- [Work instruction] For this exercise, the lines from the one with "ବାଲେଶ୍ୱର: ବାଲେଶ୍ବର ବାହାନଗାରେ" through the final line of the data below are to be transcribed exactly, and pictures are to be skipped.

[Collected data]
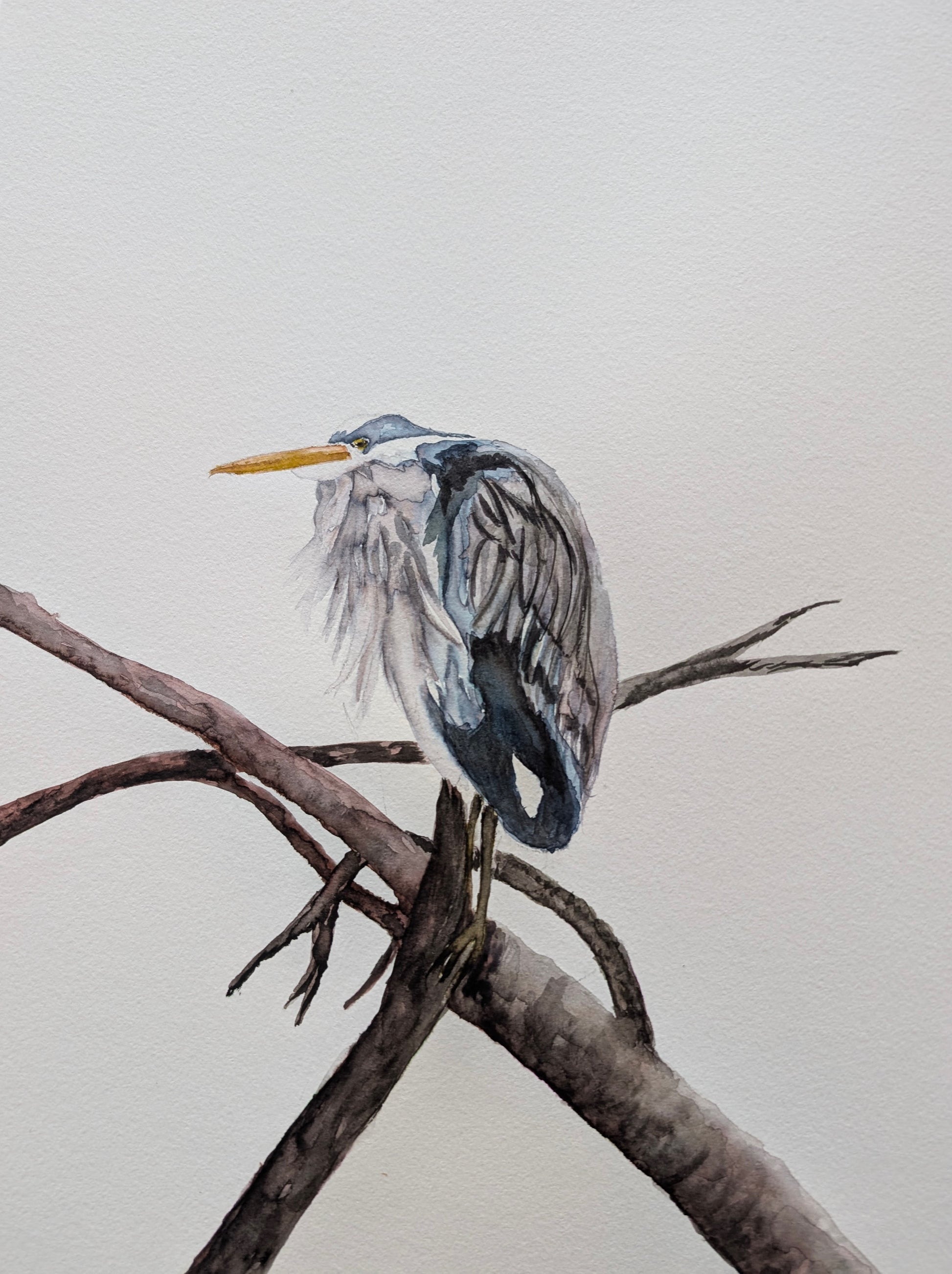 Inspired by quiet Kent Island mornings, this original watercolor heron captures that rare moment when the world slows down, and you remember to breathe.
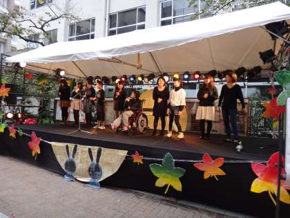 大ぜいの人を前にして,少し緊張した面持ちでしたが,今までの交流ですっかり打ち解けているサークルの皆さんに緊張をほぐしてもらいながら,「ミッキーマウスマーチ」「世界に一つだけの花」「Day dream Believer」の3曲を披露しました。
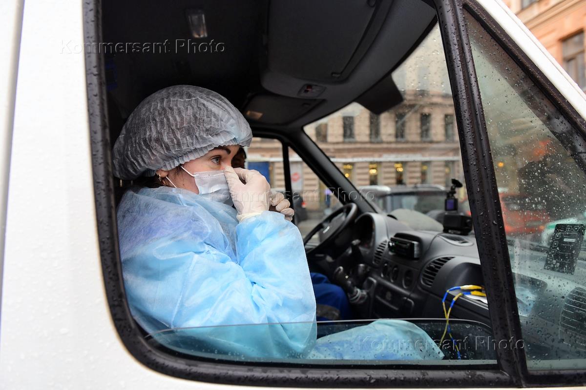 Жанровая фотография. Врач Клинической инфекционной больницы имени С.П.Боткина в машине скорой помощи.
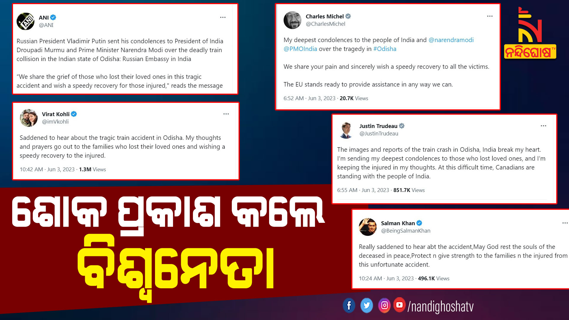 ବାଲେଶ୍ୱର: ବାଲେଶ୍ବର ବାହାନଗାରେ ଘଟିଥିବା ଟ୍ରେନ୍ ଦୁର୍ଘଟଣାକୁ ନେଇ ବିଭିନ୍ନ ମହଲରେ ଶୋକ । ବିଶ୍ବନେତାଙ୍କ ଠାରୁ ଆରମ୍ଭ କରି କ୍ରୀଡାବିତ ଓ ଅଭିନେତା ଶୋକ ପ୍ରକାଶ କରିଛନ୍ତି । ଦୁର୍ଘଟଣାକୁ ନେଇ ଶୋକବ୍ୟକ୍ତ କରିଛନ୍ତି ଋଷ ରାଷ୍ଟ୍ରପତି ଭ୍ଲାଦିମିର ପୁଟିନ । ସେ ନିଜ ସମବେଦନା ନେଇ ଭାରତ ରାଷ୍ଟ୍ରପତି ଦ୍ରୌପଦୀ ମୁର୍ମୁ ଓ ପ୍ରଧାନମନ୍ତ୍ରୀ ନରେନ୍ଦ୍ର ମୋଦୀଙ୍କୁ ଅବଗତ କରାଇଛନ୍ତି । ୟୁରୋପିଆନ ୟୁନିଅନ ଅଧ୍ୟକ୍ଷ ଚାର୍ଲସ ମିସେଲ । କାନାଡା ପ୍ରଧାନମନ୍ତ୍ରୀ ଜଷ୍ଟିନ ଟ୍ରୁଡୁ, ତାଇଓ୍ବାନ ରାଷ୍ଟ୍ରପତି ସାଇ ଇଙ୍ଗ ଓ୍ବେନ୍ ପ୍ରମୁଖ ଶୋକ ବ୍ୟକ୍ତ କରିଛନ୍ତି ।
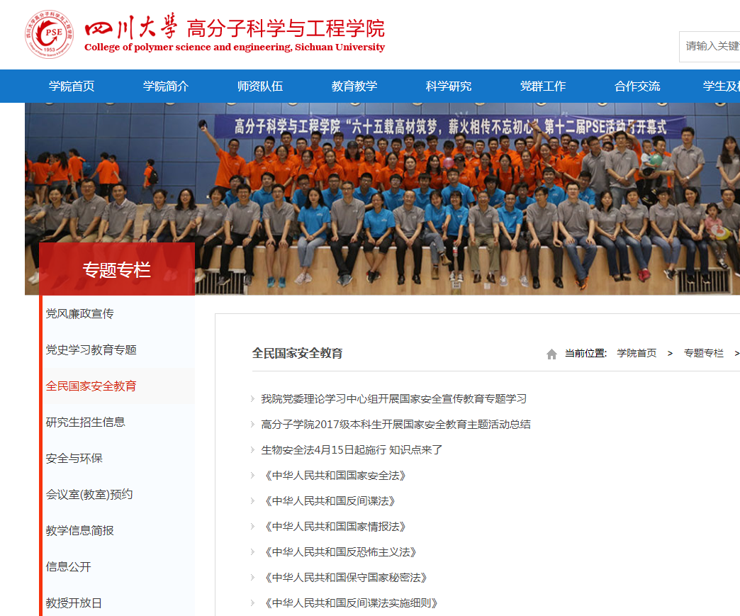 学院在官网增设“4.15全民国家安全教育”专栏,宣传相关法律法规宣传相关法律法规,如《国家安全法》、《网络安全法》、《核安全法》《反恐怖主义法》、《反间谍法》、《生物安全法》等法律法规。此外,学院党政办专门将国家安全相关法律法规列入双周教职工政治学习计划与党组织生活学习计划中,增强师生维护国家安全的意识和能力。

- [Worked solution]
 ବାଲେଶ୍ୱର: ବାଲେଶ୍ବର ବାହାନଗାରେ ଘଟିଥିବା ଟ୍ରେନ୍ ଦୁର୍ଘଟଣାକୁ ନେଇ ବିଭିନ୍ନ ମହଲରେ ଶୋକ । ବିଶ୍ବନେତାଙ୍କ ଠାରୁ ଆରମ୍ଭ କରି କ୍ରୀଡାବିତ ଓ ଅଭିନେତା ଶୋକ ପ୍ରକାଶ କରିଛନ୍ତି । ଦୁର୍ଘଟଣାକୁ ନେଇ ଶୋକବ୍ୟକ୍ତ କରିଛନ୍ତି ଋଷ ରାଷ୍ଟ୍ରପତି ଭ୍ଲାଦିମିର ପୁଟିନ । ସେ ନିଜ ସମବେଦନା ନେଇ ଭାରତ ରାଷ୍ଟ୍ରପତି ଦ୍ରୌପଦୀ ମୁର୍ମୁ ଓ ପ୍ରଧାନମନ୍ତ୍ରୀ ନରେନ୍ଦ୍ର ମୋଦୀଙ୍କୁ ଅବଗତ କରାଇଛନ୍ତି । ୟୁରୋପିଆନ ୟୁନିଅନ ଅଧ୍ୟକ୍ଷ ଚାର୍ଲସ ମିସେଲ । କାନାଡା ପ୍ରଧାନମନ୍ତ୍ରୀ ଜଷ୍ଟିନ ଟ୍ରୁଡୁ, ତାଇଓ୍ବାନ ରାଷ୍ଟ୍ରପତି ସାଇ ଇଙ୍ଗ ଓ୍ବେନ୍ ପ୍ରମୁଖ ଶୋକ ବ୍ୟକ୍ତ କରିଛନ୍ତି ।
 学院在官网增设“4.15全民国家安全教育”专栏,宣传相关法律法规宣传相关法律法规,如《国家安全法》、《网络安全法》、《核安全法》《反恐怖主义法》、《反间谍法》、《生物安全法》等法律法规。此外,学院党政办专门将国家安全相关法律法规列入双周教职工政治学习计划与党组织生活学习计划中,增强师生维护国家安全的意识和能力。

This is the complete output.